#### [The problem]
Copy nothing but the lines below running from the line containing "ხარაგაულის მრევლი, ადგილობრივი" through the line containing "Les raclleurs en pleine action.", both end lines included.

#### [Supplied material]
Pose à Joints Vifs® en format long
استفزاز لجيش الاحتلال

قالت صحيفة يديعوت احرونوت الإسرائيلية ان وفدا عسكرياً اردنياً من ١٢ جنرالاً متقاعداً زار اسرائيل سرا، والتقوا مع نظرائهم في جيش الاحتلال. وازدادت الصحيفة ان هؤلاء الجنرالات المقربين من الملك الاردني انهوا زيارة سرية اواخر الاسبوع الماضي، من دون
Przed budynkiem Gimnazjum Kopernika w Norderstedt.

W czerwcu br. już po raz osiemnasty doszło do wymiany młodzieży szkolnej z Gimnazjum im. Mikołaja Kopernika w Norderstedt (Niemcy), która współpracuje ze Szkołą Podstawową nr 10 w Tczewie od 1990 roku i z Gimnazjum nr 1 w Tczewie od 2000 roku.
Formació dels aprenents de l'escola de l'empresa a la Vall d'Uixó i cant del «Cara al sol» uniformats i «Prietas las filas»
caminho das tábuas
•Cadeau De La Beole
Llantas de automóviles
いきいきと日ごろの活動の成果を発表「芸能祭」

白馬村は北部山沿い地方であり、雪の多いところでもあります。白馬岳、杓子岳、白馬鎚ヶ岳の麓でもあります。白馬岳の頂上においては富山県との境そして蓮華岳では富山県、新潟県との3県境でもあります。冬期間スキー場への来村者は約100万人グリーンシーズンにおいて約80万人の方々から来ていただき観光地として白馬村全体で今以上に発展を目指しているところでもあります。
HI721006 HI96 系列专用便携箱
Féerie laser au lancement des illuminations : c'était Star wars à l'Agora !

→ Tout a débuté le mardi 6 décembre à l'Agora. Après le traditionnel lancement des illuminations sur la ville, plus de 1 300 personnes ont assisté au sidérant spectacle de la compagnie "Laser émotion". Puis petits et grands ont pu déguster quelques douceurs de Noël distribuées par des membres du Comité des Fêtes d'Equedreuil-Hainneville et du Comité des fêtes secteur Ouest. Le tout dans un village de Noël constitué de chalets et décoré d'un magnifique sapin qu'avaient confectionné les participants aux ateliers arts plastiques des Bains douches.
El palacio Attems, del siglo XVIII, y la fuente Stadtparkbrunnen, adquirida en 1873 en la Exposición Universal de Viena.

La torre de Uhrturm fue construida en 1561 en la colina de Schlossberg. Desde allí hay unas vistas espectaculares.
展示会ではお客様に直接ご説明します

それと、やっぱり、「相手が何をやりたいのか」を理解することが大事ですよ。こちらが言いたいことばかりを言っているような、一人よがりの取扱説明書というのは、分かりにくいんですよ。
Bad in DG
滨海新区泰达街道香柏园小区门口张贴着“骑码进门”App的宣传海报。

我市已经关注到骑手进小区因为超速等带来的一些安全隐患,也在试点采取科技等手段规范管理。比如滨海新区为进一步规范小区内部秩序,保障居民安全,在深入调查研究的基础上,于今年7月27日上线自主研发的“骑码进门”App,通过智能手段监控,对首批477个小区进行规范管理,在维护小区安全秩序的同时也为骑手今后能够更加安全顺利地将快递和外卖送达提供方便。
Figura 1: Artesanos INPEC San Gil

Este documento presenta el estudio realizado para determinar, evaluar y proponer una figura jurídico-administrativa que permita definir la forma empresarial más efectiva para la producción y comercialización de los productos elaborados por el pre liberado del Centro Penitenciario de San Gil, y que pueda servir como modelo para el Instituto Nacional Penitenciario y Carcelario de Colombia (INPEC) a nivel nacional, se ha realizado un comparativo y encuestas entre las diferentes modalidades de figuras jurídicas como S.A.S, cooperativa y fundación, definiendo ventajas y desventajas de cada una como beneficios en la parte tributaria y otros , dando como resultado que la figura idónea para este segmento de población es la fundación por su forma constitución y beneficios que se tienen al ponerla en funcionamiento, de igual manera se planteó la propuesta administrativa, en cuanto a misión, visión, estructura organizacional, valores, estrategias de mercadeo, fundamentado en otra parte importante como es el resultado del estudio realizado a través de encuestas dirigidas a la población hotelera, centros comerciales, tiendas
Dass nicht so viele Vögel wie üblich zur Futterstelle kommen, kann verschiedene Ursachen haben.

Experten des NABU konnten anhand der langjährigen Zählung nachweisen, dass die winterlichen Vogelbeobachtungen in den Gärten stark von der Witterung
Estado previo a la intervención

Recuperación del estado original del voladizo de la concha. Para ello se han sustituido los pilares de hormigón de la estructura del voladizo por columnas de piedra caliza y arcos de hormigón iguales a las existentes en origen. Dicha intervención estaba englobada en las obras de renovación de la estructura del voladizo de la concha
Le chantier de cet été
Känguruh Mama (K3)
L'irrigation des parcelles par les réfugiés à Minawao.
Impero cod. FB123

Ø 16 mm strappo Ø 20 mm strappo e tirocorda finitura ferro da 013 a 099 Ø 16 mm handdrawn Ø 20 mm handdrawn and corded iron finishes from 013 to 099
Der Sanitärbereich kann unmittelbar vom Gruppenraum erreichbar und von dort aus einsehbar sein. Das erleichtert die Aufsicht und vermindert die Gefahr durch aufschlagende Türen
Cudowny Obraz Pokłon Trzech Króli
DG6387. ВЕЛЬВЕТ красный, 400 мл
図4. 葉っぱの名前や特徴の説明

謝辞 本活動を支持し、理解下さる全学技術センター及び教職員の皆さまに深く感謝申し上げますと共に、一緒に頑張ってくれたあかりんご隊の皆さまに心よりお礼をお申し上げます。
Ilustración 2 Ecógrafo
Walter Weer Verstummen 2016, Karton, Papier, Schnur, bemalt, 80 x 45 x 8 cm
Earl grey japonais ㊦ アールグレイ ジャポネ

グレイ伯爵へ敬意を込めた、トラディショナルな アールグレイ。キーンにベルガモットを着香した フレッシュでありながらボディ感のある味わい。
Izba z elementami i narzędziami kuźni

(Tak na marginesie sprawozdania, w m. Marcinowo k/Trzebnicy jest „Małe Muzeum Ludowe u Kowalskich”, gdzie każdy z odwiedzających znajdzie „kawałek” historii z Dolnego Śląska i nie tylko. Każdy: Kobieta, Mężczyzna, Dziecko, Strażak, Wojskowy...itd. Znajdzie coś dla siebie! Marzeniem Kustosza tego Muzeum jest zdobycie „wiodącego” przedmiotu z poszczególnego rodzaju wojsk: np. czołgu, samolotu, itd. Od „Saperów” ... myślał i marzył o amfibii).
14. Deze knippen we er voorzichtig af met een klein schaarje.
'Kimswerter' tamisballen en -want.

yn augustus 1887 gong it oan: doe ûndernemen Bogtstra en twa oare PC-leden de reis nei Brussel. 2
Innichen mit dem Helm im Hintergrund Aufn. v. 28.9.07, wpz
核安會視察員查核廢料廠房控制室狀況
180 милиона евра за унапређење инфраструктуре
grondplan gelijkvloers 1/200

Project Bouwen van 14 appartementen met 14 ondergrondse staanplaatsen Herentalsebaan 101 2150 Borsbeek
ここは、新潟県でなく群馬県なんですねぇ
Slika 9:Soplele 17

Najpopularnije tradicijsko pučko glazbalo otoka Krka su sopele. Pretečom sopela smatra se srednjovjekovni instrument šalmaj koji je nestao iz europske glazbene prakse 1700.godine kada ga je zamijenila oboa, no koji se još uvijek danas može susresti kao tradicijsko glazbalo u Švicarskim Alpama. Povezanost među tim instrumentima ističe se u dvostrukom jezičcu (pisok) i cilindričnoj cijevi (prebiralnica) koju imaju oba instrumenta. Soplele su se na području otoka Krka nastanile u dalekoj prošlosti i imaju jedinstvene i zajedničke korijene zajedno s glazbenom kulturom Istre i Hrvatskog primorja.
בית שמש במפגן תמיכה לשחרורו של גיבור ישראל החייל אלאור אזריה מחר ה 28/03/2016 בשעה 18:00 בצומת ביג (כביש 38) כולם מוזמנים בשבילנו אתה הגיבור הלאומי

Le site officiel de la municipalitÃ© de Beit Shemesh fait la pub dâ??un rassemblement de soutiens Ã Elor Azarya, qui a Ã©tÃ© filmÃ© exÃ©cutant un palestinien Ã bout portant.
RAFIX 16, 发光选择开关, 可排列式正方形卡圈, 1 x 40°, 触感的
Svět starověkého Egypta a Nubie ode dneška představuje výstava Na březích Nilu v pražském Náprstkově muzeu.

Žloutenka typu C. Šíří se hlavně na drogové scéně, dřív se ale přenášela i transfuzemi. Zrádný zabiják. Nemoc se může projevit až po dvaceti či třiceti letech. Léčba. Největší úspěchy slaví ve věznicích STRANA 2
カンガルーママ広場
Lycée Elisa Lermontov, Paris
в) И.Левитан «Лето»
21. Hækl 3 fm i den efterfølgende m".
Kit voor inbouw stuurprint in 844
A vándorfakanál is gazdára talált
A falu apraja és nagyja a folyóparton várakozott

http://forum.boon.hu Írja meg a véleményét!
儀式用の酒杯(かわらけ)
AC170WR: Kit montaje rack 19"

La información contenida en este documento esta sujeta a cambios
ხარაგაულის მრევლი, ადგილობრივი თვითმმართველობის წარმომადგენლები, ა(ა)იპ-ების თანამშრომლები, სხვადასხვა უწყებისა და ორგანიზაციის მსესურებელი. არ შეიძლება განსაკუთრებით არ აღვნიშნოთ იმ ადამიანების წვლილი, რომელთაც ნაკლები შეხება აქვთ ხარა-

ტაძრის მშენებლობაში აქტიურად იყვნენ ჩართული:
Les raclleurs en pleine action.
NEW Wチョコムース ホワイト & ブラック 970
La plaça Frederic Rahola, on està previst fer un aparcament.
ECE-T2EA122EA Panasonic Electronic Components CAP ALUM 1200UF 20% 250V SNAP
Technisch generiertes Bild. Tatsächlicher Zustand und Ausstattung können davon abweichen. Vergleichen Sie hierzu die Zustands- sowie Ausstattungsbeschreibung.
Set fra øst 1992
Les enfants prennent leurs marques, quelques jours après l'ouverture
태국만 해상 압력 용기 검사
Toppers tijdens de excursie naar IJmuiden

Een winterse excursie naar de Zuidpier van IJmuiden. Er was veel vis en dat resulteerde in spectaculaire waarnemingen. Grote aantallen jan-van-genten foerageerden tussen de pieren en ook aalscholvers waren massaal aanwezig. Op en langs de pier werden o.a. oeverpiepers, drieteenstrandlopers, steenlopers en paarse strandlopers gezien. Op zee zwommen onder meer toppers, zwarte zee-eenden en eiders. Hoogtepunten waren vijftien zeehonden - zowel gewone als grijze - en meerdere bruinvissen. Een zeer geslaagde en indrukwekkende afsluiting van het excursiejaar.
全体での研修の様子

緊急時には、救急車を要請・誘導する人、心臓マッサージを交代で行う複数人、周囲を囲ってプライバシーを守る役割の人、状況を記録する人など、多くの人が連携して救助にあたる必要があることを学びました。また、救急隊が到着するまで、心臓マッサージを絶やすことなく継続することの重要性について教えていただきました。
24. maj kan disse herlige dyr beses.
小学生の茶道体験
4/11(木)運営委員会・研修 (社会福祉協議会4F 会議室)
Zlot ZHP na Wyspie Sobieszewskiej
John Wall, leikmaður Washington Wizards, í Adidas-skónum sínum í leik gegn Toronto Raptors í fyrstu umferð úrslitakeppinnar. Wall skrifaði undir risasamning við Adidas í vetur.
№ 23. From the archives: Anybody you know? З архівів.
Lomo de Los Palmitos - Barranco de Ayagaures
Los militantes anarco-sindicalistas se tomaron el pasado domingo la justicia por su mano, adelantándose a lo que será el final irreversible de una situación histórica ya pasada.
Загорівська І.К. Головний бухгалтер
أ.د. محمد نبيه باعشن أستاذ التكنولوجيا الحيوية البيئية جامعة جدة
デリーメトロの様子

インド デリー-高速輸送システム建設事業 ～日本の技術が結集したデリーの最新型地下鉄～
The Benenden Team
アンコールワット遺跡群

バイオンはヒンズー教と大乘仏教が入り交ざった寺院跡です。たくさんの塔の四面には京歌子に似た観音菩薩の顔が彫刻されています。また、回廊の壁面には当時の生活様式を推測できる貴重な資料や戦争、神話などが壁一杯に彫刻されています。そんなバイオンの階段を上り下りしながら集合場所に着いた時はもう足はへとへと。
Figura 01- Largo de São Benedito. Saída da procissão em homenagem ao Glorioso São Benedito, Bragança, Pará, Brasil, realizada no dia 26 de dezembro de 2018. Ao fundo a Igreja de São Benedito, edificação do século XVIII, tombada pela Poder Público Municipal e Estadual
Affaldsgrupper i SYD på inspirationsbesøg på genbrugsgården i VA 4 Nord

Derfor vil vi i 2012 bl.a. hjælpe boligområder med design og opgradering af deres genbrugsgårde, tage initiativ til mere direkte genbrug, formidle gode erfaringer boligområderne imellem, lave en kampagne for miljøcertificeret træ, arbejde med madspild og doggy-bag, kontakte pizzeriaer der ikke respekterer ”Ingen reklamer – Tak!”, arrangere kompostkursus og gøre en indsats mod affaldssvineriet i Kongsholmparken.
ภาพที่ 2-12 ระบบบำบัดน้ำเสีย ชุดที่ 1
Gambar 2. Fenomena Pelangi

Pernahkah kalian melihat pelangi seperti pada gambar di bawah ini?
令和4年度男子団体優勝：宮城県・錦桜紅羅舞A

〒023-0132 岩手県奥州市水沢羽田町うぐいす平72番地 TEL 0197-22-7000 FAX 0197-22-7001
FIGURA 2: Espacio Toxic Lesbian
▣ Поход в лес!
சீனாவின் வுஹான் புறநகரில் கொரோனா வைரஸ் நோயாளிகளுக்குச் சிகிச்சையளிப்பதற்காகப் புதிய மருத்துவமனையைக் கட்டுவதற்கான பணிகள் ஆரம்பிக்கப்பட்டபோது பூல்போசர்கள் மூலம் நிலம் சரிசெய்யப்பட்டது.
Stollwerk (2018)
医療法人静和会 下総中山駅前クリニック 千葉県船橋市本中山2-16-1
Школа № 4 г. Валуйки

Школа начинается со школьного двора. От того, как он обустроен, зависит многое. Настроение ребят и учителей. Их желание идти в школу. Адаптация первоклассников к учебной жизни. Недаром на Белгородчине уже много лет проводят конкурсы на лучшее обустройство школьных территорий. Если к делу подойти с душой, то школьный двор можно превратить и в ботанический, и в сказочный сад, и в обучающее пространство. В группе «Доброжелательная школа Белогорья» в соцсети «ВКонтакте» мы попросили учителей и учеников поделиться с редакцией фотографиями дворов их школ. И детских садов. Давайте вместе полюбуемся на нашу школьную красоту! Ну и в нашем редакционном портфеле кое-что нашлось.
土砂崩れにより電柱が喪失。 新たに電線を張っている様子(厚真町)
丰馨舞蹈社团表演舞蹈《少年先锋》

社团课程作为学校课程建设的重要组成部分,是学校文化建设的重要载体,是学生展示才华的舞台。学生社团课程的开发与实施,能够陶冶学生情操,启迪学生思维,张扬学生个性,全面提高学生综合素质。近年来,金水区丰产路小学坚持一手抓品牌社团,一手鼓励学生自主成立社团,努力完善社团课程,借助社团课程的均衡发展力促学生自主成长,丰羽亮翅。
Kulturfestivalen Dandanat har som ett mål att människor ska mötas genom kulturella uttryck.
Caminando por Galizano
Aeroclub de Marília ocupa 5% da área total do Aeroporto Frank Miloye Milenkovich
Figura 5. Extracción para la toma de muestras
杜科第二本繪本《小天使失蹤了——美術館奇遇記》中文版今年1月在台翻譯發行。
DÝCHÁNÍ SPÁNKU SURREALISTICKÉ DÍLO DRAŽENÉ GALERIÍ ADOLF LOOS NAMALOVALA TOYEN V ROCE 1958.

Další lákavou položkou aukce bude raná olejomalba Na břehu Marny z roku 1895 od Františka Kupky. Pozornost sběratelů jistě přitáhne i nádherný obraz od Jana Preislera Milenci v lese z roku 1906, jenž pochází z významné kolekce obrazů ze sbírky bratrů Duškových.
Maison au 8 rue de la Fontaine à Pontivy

#### [Written response]
ხარაგაულის მრევლი, ადგილობრივი თვითმმართველობის წარმომადგენლები, ა(ა)იპ-ების თანამშრომლები, სხვადასხვა უწყებისა და ორგანიზაციის მსესურებელი. არ შეიძლება განსაკუთრებით არ აღვნიშნოთ იმ ადამიანების წვლილი, რომელთაც ნაკლები შეხება აქვთ ხარა-

ტაძრის მშენებლობაში აქტიურად იყვნენ ჩართული:
Les raclleurs en pleine action.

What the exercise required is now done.